A cloud seemed to pass over her soul and left its reflection
in her eyes. She simply could not accept that her late child would remain lost
to her forever,
Once, when Signore da Vinci stopped work to jot a note in his
well-thumbed journal, Lisa had been unable to stop herself from asking what he
was writing. Without looking up, he’d replied absently, “I am observing that to
plunge things into light is to plunge them into the infinite.”
It had taken her breath away, that sentence. She’d understood
instinctively that the breadth of life was more than she could see, more than
she could even imagine. She’d felt the wholeness of it, the knowledge that all
was one; that nothing was ever truly lost. If hope had a voice, it lay in the
words she had just heard.
.
A sudden stillness brought her back to the present, where
Signore Da Vinci had put aside her brush and was watching her with studied
intensity. As she met his look with her own frank and open one, his hands
rhythmically stroked his long beard and the air between them cracked with life.
“Ah, Mia Dona,” the old painter at last crooned. “You are not
entirely of this world, I think.”
Lisa felt the shadow lift from her eyes. Once more, a scolding
voice seemed to fill her head. Lisa had come home on the summer afternoon of
her twelfth birthday to find herself in trouble yet again.
“Lisa – where is your cap?” her mother had demanded harshly.
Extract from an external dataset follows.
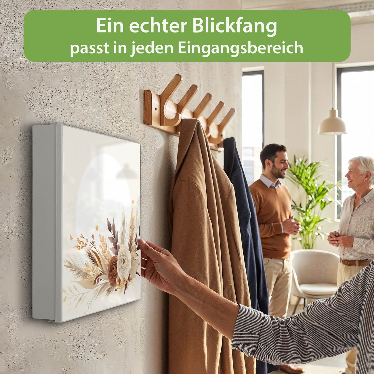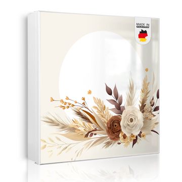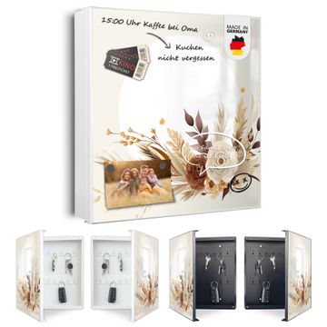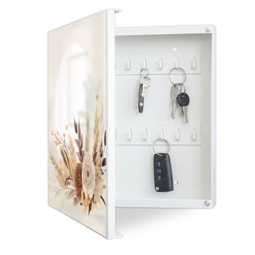 Bringe Ordnung und Eleganz in deinen Eingangsbereich mit dem banjado Schlüsselkasten Motiv Motiv Herbstliches Blumenarrangement. Die moderne Schlüsselbox kombiniert funktionales Design mit hochwertiger Verarbeitung und wird so zu einem echten Hingucker in Flur, Büro oder Ferienwohnung. ✅ Stilvolle Schlüsselaufbewahrung mit Motiv Motiv Herbstliches Blumenarrangement Der Design-Schlüsselkasten Motiv Motiv Herbstliches Blumenarrangement bietet Platz für bis zu 32 Schlüssel, die auf 4 stabilen Reihen mit je 8 Haken übersichtlich verstaut werden. Mit seinen kompakten Maßen von 30 x 30 x 5 cm passt die Schlüsselbox perfekt auch in kleinere Räume. Der weiß lackierte Stahlkorpus mit links angeschlagenem Türscharnier harmoniert mit gedruckten Folie auf der Front und fügt sich nahtlos in jedes Wohnambiente ein. Ob als Schlüsselorganizer für Zuhause oder als praktische Lösung für Büros, Praxen und Gewerbe, der banjado Schlüsselkasten sorgt für Ordnung und Übersicht. Dank der magnetischen, mit Kreidestiften beschreibbaren Folie auf der Front kannst du Notizen anheften oder Termine direkt auf der Oberfläche festhalten. Die Schlüsselbox Motiv Motiv Herbstliches Blumenarrangement zur Wandmontage wird inklusive Befestigungsmaterial geliefert und ist schnell angebracht. So hast du deine Schlüssel jederzeit griffbereit und zugleich stilvoll verstaut. Mit diesem banjado Schlüsselkasten Motiv Motiv Herbstliches Blumenarrangement kombinierst du praktische Aufbewahrung mit stilvollem Wohndesign. Ob privat oder geschäftlich, die Schlüsselbox sorgt für mehr Ordnung, Übersicht und ein wohnliches Ambiente.Vorteile im Überblick

“Are your guests to arrive and find you with damp, flushed cheeks and stains on
your bodice?”
Lisa had sighed impatiently at the familiar tone, which made
Signore Gherardini angrier.
“Do not scowl in that unladylike manner,” she’d continued,
pulling twigs from Lisa’s loose hair. “What I tell you is for your own good.
You will earn no one’s admiration if you do not learn to temper your bold
ways.”
Lisa’s face twitched at the remembrance of her mischievous
ways, knowing that the feisty girl was not as far removed as some might imagine
from the respectable matron she’d become. Now, as then, she tilted her chin
resolutely forward, slid her eyes slowly aside to focus on a point only she
could see, and allowed the corners of her mouth to pull up in the smallest of
smiles.
Signore da Vinci said nothing more but with a twist of his own
lips, took up a brush to capture the light and the life that lay in that elusive smile.
.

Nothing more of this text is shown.